Vanaspati — hydrogenated vegetable fat and its controversial role in Indian cooking

Vanaspati (hydrogenated vegetable fat, dalda) was introduced to India in the 1930s as a cheaper alternative to ghee during a period when dairy fat was expensive and scarce. It was marketed as "vegetable ghee" and adopted widely in commercial food production, restaurant cooking, and lower-income households as a ghee substitute. Understanding vanaspati — what it is chemically, why it was problematic in its original form, and what the current regulatory position on trans fats is — provides important context for anyone cooking with or consuming processed Indian foods.

🔬The Science
What is hydrogenation and why did it create trans fats?
Hydrogenation is the process of adding hydrogen atoms to the unsaturated bonds of liquid vegetable oils, converting them to saturated bonds and producing a solid or semi-solid fat at room temperature. Partial hydrogenation (used historically for vanaspati) was less thorough — it converted some but not all unsaturated bonds, and in the process produced trans fatty acids as a geometric isomer byproduct. Trans fatty acids have been shown to increase LDL cholesterol while decreasing HDL cholesterol — an unfavourable cardiovascular combination. Traditional vanaspati contained high levels of trans fats (up to 40–50%).
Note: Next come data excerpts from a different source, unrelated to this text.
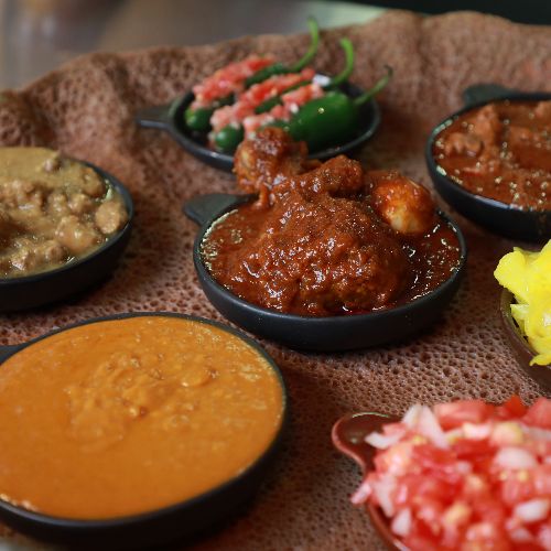 Try our carefully selected platter menu with a variety of five main course dishes. Kai Sega Wot, Doro Alicha, Pumpkin Alicha, Misir Wot, Kek Alicha, & Tomato Salad.
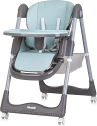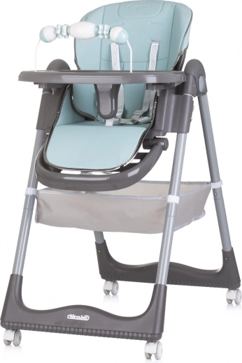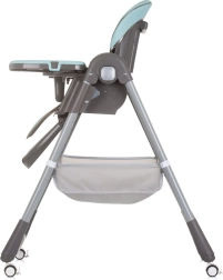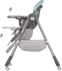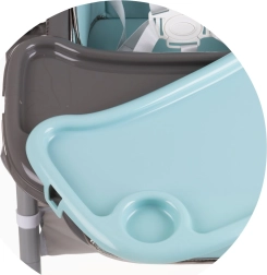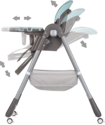 Dvojitý podnos s hornou odnímateľnou časťou uľahčuje údržbu a posuv v 4 polohách sa prispôsobí každej situácii. Hrazdička s hračkami zabaví bábätko, zatiaľ čo vy môžete v pokoji prestierať. Štyri kolieska uľahčia presun po byte a úložný kôš udrží všetky potrebné drobnosti po ruke. Po jedle stoličku rýchlo a kompaktne zložíte pre úsporu miesta.
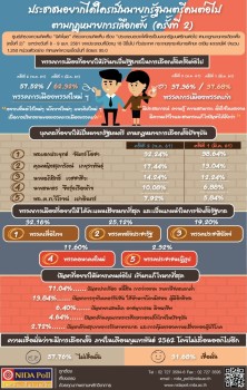 ศูนย์สำรวจความคิดเห็น สถาบันบัณฑิตพัฒนบริหารศาสตร์ หรือ นิด้าโพล ผลสำรวจ ความคิดเห็นของประชาชนจากทั่วประเทศ จำนวน 1,250 คน เรื่อง "ประชาชนอยากได้ใคร เป็นนายกรัฐมนตรีคนต่อไป ตามกฎหมายการเลือกตั้งปัจจุบัน (ครั้งที่ 2)" พบว่าประชาชน ส่วนใหญ่ร้อยละ 57.52 ระบุว่า พรรคการเมืองพรรคใหม่ ๆ เพราะอยากเห็นคนใหม่ๆ นโยบายใหม่ๆ แนวคิดใหม่ๆ เข้ามาบริหารและพัฒนาประเทศไปในทิศทางที่ดีขึ้น ร้อยละ 37.36 ระบุว่า พรรคการเมืองพรรคเก่า เพราะมีประสบการณ์ ทำงานอย่าง มีระบบ เคยเห็นผลงานมาแล้ว มั่นใจในผลงาน มีความคุ้นเคยกับประชาชนเป็นอย่างดี เข้าใจและสามารถแก้ไขปัญหาได้ดีกว่าพรรคการเมืองพรรคใหม่ และร้อยละ 5.12 ระบุว่า ไม่ระบุ/ไม่แน่ใจ สำหรับบุคคลที่ประชาชนอยากให้เป็นนายกรัฐมนตรี ตามกฎหมายการเลือกตั้งปัจจุบัน อันดับ 1 พลเอกประยุทธ์ จันทร์โอชา อันดับ 2 คุณหญิงสุดารัตน์ เกยุราพันธุ์ อันดับ 3 นายอภิสิทธิ์ เวชชาชีวะ อันดับ 4 นายธนาธร จึงรุ่งเรืองกิจ อันดับ 5 พลตำรวจโทวิโรจน์ เปาอินทร์ อันดับ 6 พลตำรวจเอกเสรีพิศุทธ์ เตมียาเวส อันดับ 7 นายชวน หลีกภัย อันดับ 8 นายสมคิด จาตุศรีพิทักษ์ อันดับ 9 นายปิยบุตร แสงกนกกุล และนายอนุทิน ชาญวีรกูล ในสัดส่วนที่เท่ากัน และอันดับ 10 พลตรีทรงกลด ทิพย์รัตน์ ส่วนพรรคการเมืองที่ประชาชนอยากให้ได้คะแนนเสียงมากที่สุด และเป็นแกนนำ ในการจัดตั้งรัฐบาล อันดับ 1 พรรคเพื่อไทย อันดับ 2 พรรคพลังประชารัฐ (หนุน พล.อ.ประยุทธ์ จันทร์โอชา เป็นนายกรัฐมนตรี) อันดับ 3 พรรคประชาธิปัตย์ อันดับ 4 พรรคอนาคตใหม่ อันดับ 5 พรรคประชาชนปฏิรูป และพรรคเสรีรวมไทย ในสัดส่วนที่เท่ากัน อันดับ 6 พรรคชาติไทยพัฒนา อันดับ 7 พรรคภูมิใจไทย อันดับ 8 พรรคพลังชาติไทย อันดับ 9 พรรคเกรียน และอันดับ 10 พรรคประชาธรรมไทย
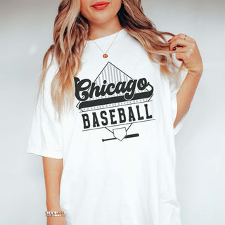 Chicago Baseball Vintage Stripes Black & Silver Comfort Color Graphic Tee
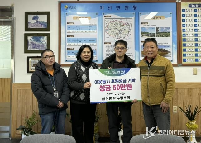 코리아타임뉴스 윤광희 기자 | 미산면 탁구동호회는 지난 9일 미산면 지역사회보장협의체에 이웃돕기 성금 50만원을 기탁했다.

FSSAI regulations progressively reduced permissible trans fat levels — to 5% by 2021 and to 2% by 2022. Modern compliant vanaspati has dramatically lower trans fat content than historical products.
Vanaspati — Current Status and Usage
What has changed and what remains
  • Trans fat regulations: FSSAI limits trans fats in vanaspati to 2% as of 2022 — a dramatic reduction from historical levels of 40–50%.
  • Current applications: commercial biscuits, bakery products, some processed sweets, lower-cost restaurant cooking where cost is the primary driver.
  • Home cooking: significantly reduced — most urban Indian home cooks now use refined vegetable oils or ghee rather than vanaspati.
  • Identification: commercial products using vanaspati must declare it on ingredient lists. "Dalda" is the most recognised brand name, sometimes used generically for all vanaspati.
  • The honest position: modern regulatory-compliant vanaspati (≤2% trans fat) is significantly less problematic than historical products but is still a highly processed industrial fat with no nutritional advantages over natural cooking fats.
Vanaspati (Hydrogenated Vegetable Fat) — Nutrition per 100g
Approximate values — varies by manufacturer and formulation
NutrientVanaspati (modern)Historical vanaspati
Energy900 kcal900 kcal
Total Fat100 g100 g
Saturated Fat~40–50 g~30–40 g
Trans Fat≤2 g (regulated)40–50 g (historical) — very harmful
Monounsaturated Fat~35 g~20 g
Polyunsaturated Fat~15 g~10 g
Vitamin A (fortified)~2500 IUNot consistently fortified
AromaMinimalMinimal — not comparable to ghee
Modern FSSAI-compliant vanaspati (≤2% trans fat) is nutritionally different from the historical product that caused significant cardiovascular harm in populations that consumed it heavily. However, it remains an industrially processed fat with no nutritional advantages over natural alternatives (groundnut oil, refined sunflower oil, or ghee). Its primary advantage is cost — it is cheaper than ghee and comparable in price to refined vegetable oils. It provides no flavour advantage over natural fats.
Health Context
Vanaspati's historical harm was real — but so is the regulatory improvement
Historical vanaspati (40–50% trans fats) contributed meaningfully to cardiovascular disease in populations that consumed it regularly in large quantities over decades. This harm was real and documented. Modern regulated vanaspati (≤2% trans fats) is a significantly different product — but it is still a highly processed industrial fat with no flavour or nutritional advantages over natural alternatives. The recommendation is straightforward: use groundnut oil, sunflower oil, coconut oil, mustard oil, or ghee — whichever is appropriate for your cooking — rather than vanaspati, which offers only cost advantage over these alternatives.